UN “WEEK END” NON CERTO INDIMENTICABILE

Brenno Placido, Margherita Di Rauso e Giulio Forges
Brenno Placido, Margherita Di Rauso e Giulio Forges

PISTOIA. È claudicante, la professoressa Ida (Margherita Di Rauso): un piccolo incidente, una grande tragedia adolescenziale. Peccato, perché è piacevole, interessante e con gli uomini è davvero procace.

Questa piccola, grande disabilità però le perfora la vita: se ne sta chiusa in casa, in attesa, fuori orario scolastico, di dare ripetizioni di italiano al figlio (Brenno Placido) sprovveduto di un’amica, anche se la mattina, dietro la cattedra, insegna inglese e francese.

Il tempo e le voglie, represse, soprattutto da una famiglia vecchio stampo meridionale, se le toglie appena può: basta l’idraulico (Giulio Forges Davanzati), un avvenente ragazzone, ma anche il giovane ripetente; anzi, con lui è meglio, perché la prof. ha la fortuna, l’abilità e l’onore di svezzarlo.

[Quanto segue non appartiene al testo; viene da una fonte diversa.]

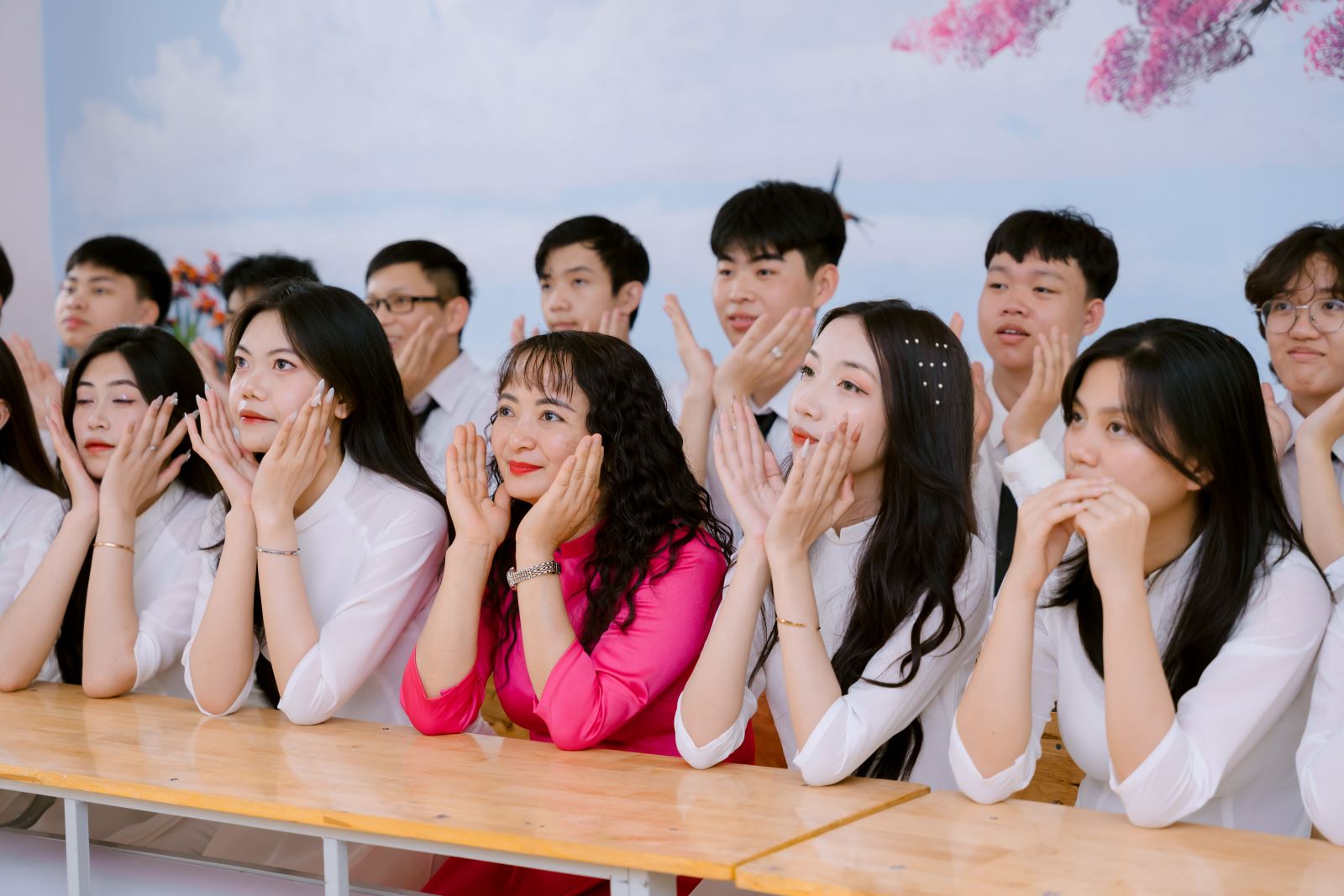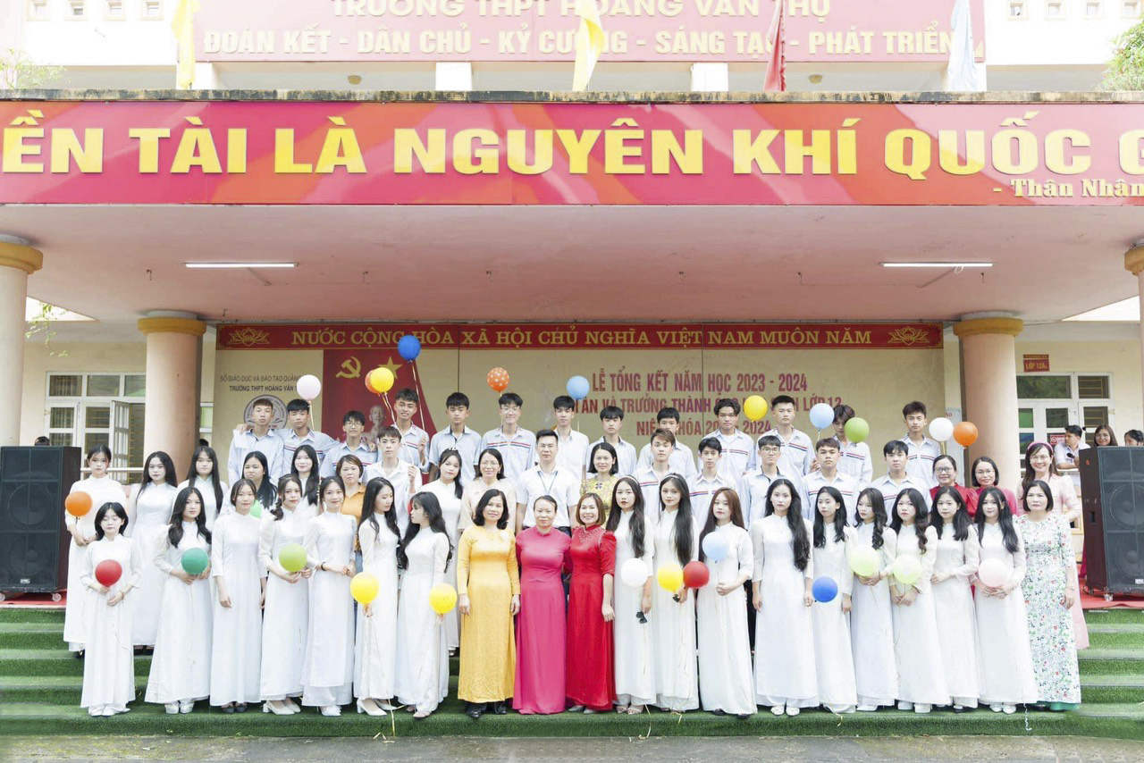 Hoc sinh 2K6 THPT Hoàng Văn Thụ chụp ảnh kỷ yếu cùng thầy cô.
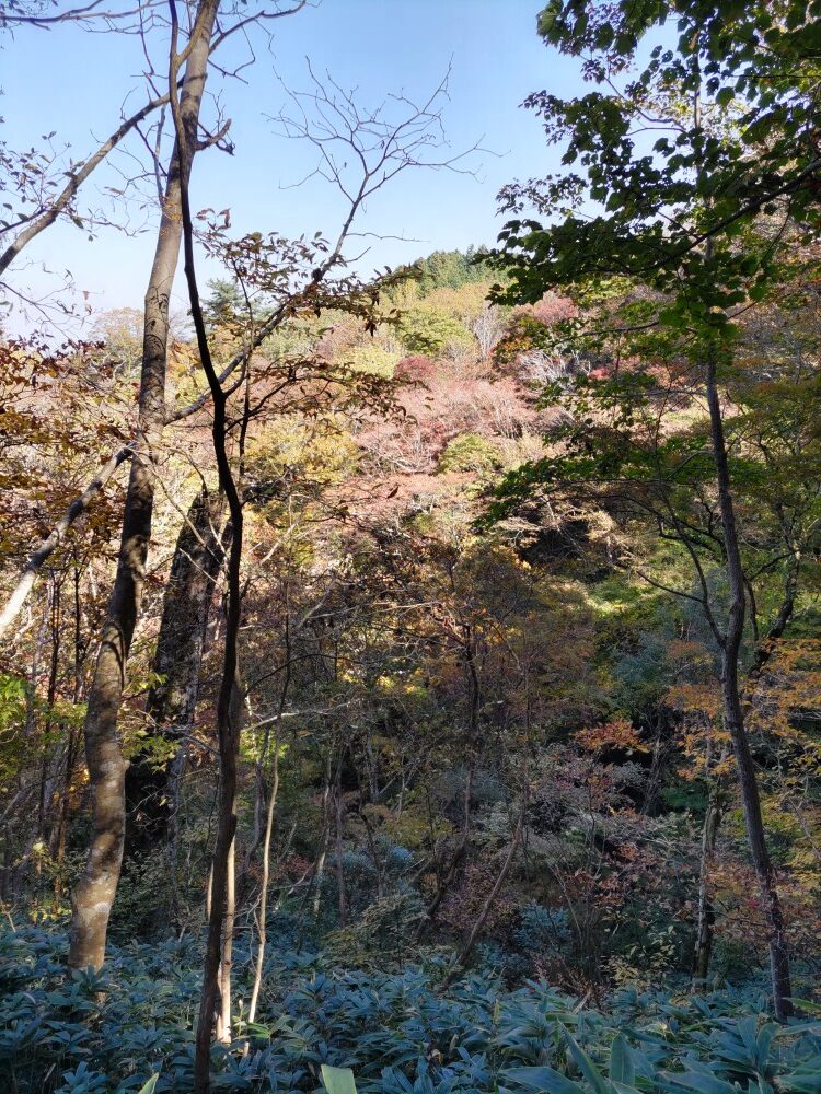 ブナの自然林は減ってはいるが、和泉葛城山の山頂付近ではブナに加えコナラやカエデやリョウブなどが色とりどりに見事な紅葉を見せてくれた。天気に恵まれて暖かな楽しい一日であった。(H.I)

Ma qualcosa, in Week end, in scena ieri sera al Manzoni per la prima delle tre rappresentazioni, non convince. Molto, crediamo, dipenderà dal testo, terribilmente datato, quando a buttarlo giù ci pensò Annibale Ruccello, autore post-moderno napoletano prematuramente scomparso nel 1986, giovanissimo, agli inizi di una carriera che pareva scintillante.

Di questa opera, se ne era detto, universalmente, un gran bene: noi non ci allineiamo al plebiscito, però. Alcuni stereotipi ci paiono lontani, superati, addirittura invertiti; le pause e le preparazioni sceniche sono esageratamente lunghe: nessuno, dei tre, riempie spazio e umore; Margherita Di Rauso non sa fumare ed è davvero assurdo che ogni cinque minuti, invece, accenda una sigaretta, che non aspira.

L’epilogo surreale è uno di quelli che ai tempi della stesura, 1983, mentre incombeva la televisione-spazzatura ed iniziava, inesorabile, il riflusso, avrà anche riscosso il suo successo. Oggi, trent’anni dopo, stona un po’: occorrerebbe ridisegnarli, alcuni dettagli, che non sono quisquilie. Ci potrebbe pensare Luca De Bei, il regista, che però scrive di essersi attenuto alla volontà dell’autore. Un po’ troppo: Ruccello, se potesse, plaudirebbe ad una poderosa rivisitazione del suo fine settimana.

E poi, Margherita Di Rauso si sveglia tardi: resta nel torpore fino a quando vorrebbe sporcarsi le mani di ben due omicidi e rinfaccia alla sua terra e alla sua gente la sua disabilità, più culturale che fisica: è quando è in preda alla disperazione che si ricorda e ricorda soprattutto al pubblico di che pasta sia fatta e cosa sappia fare.

Li rimandiamo a settembre: se studiano, tutti, possono fare meglio.